I asked Trump biographers—people who’ve spent extended periods of their lives attempting to plumb his psyche—what they thought of her book.

Michael D’Antonio told me he found it “chilling.”

And Tim O’Brien? He believes it’ll be “indelible.”

“There were a lot of mob movies before ‘The Godfather,’ but ‘The Godfather’ gave us a very specific understanding of being in a mob family because it was this rich, detailed, inside account of how a family dysfunctioned together,” he said. “There was nothing new in ‘The Godfather’ about how mobsters rolled, but the portrait it painted was so searing and rich and authentic that it defined our understanding of a criminal family. And, yes, there have been other books about the Trump family—Wayne’s, mine, Gwenda’s—but none of us captured his family life in the way that she has.”

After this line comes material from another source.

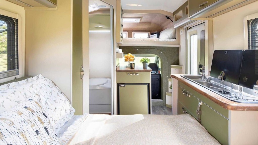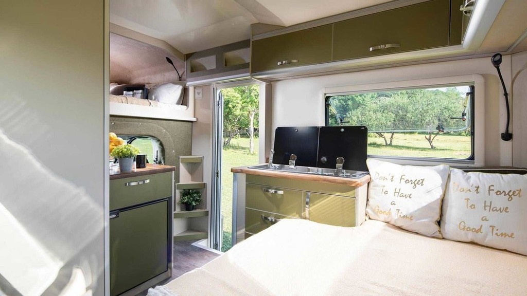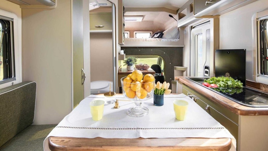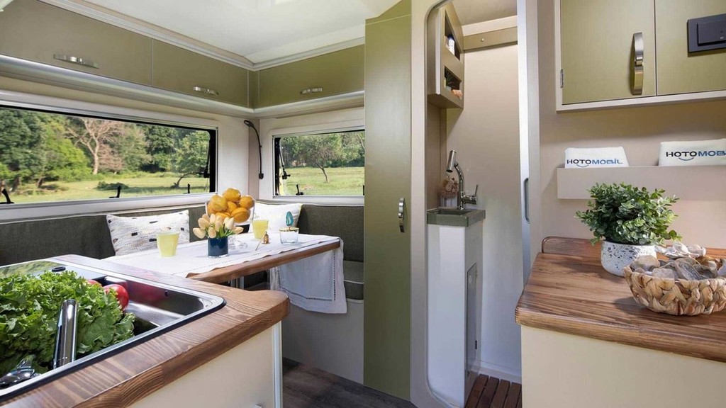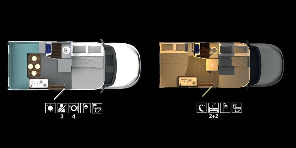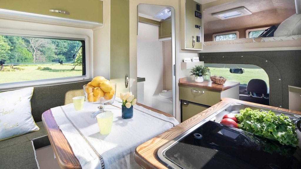 V notranjosti takšnega bivalnika s solidno odmerjenim razmakom (od 182 do 191 cm) med tlemi in stropom lahko na sopotnikovi strani najdete kuhinjski blok z vgrajenim štedilnikom in pomivalnim koritom ter hladilnikom znamke Berhımı (doplačilo, enako velja tudi za grelnik vode znamke Truma) ter pohištvo za shranjevanje živil, omenjajo pa tudi vgrajene sanitarije (kemično stranišče porta potti campingtoilette) in manjši umivalnik ter zunanji tuš). Prostornina vgrajenega rezervoarja pitne vode znaša 88 litrov, nekoliko manjši (50 litrov) je vodni rezervoar za splakovanje. Za voznikom se nahaja tudi zunanji priključek za vodo. Za spanje imajo štirje uporabniki na voljo dve različno veliki postelji (190 x 120 cm in 190 x 135 cm), čeprav se v vozilu med vožnjo lahko nahajajo samo trije potniki. Ostalo možno opremo (klimatska naprava, dodatni grelec, solarne celice na strehi, močnejši akumulator, 'infotainment' sistem) je potrebno doplačati.

O’Brien predicted Mary Trump’s work will have “a seismic imprint.” “It gives,” he said, “the deepest understanding of his family dynamics that anyone has provided, and how that shapes his psychosis, and why he’s such a dangerous leader.”

I haven’t received mine yet. But I’m going to devour it. I have always thought he was a twisted and deformed character so I’ll be interested to see where that comes from.

The next project will be figuring out why Republican officials were so cowed by this deranged man-child. (Were they all abused as children too?) And then there is the important question of why tens of millions of Americans would worship such a bizarre person? What does that say about our culture?